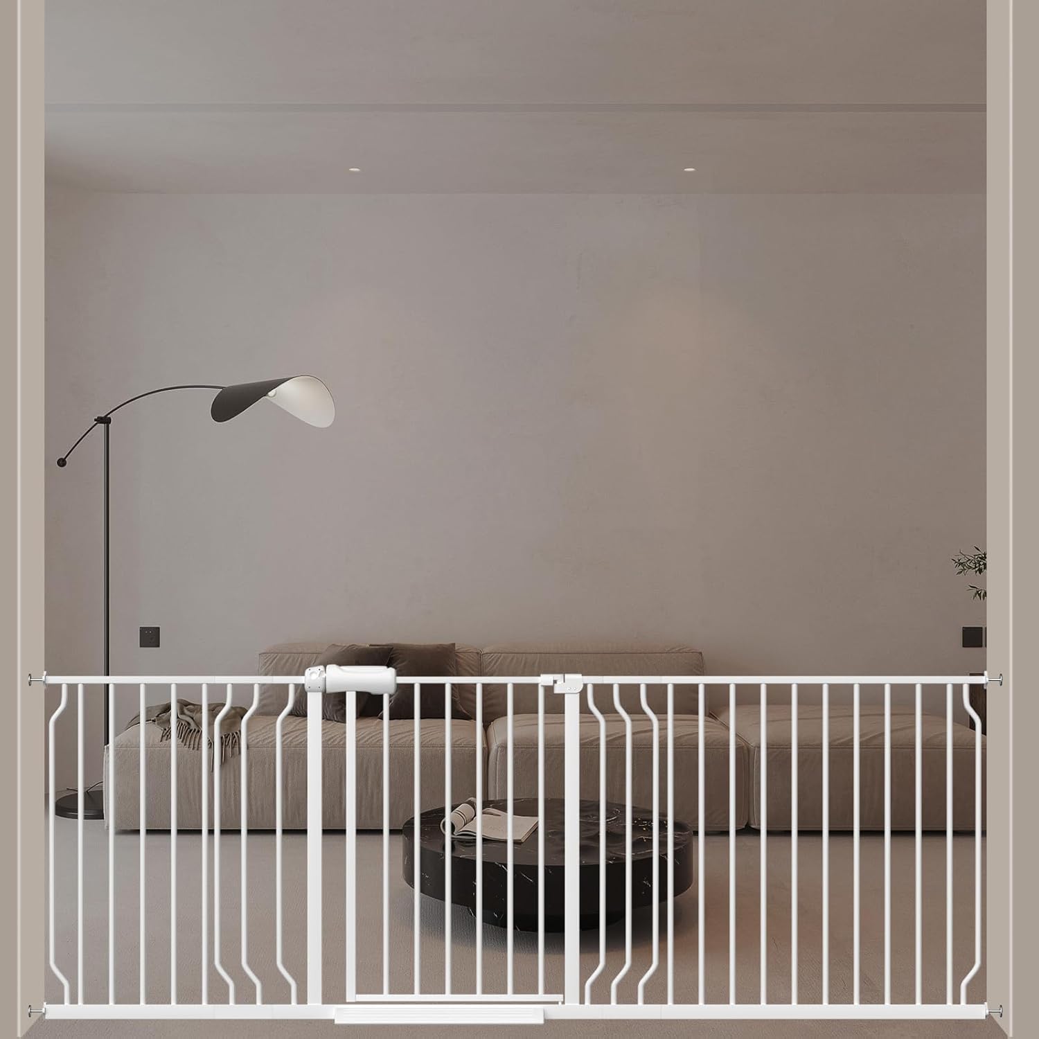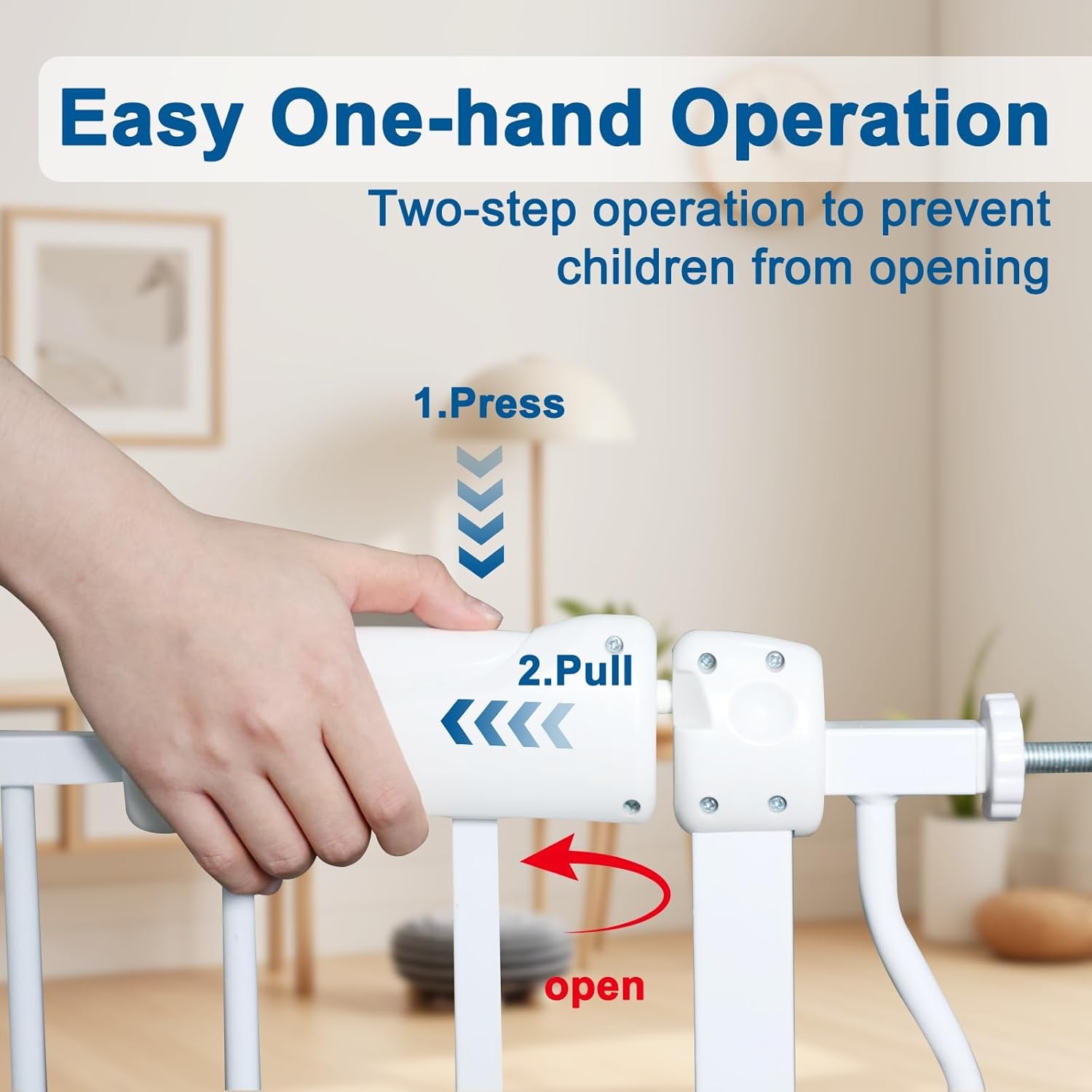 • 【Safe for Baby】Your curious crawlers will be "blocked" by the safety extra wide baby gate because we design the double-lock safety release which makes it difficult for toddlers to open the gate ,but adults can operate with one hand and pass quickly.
----------------------------------------
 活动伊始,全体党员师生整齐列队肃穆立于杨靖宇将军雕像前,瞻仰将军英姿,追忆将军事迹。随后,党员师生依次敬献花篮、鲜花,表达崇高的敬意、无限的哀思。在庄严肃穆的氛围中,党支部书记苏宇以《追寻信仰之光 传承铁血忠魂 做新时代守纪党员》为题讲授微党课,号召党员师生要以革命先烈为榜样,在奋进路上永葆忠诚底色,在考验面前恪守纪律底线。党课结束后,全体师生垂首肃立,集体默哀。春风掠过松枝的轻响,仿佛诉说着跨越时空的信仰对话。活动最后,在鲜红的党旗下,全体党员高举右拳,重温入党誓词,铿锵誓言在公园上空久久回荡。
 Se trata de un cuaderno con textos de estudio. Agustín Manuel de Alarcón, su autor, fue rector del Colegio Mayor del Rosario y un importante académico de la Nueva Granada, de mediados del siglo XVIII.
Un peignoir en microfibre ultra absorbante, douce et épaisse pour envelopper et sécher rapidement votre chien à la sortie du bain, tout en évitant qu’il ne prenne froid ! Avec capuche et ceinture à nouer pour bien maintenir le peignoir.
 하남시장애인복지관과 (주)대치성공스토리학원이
----------------------------------------
◆ **About this task**: Look above for the line that contains "Un peignoir en". Starting there, transcribe every line exactly until you have copied the line that contains "하남시장애인복지관과 (주)대치성공스토리학원이".

◆ **Solved exercise**:
Un peignoir en microfibre ultra absorbante, douce et épaisse pour envelopper et sécher rapidement votre chien à la sortie du bain, tout en évitant qu’il ne prenne froid ! Avec capuche et ceinture à nouer pour bien maintenir le peignoir.
 하남시장애인복지관과 (주)대치성공스토리학원이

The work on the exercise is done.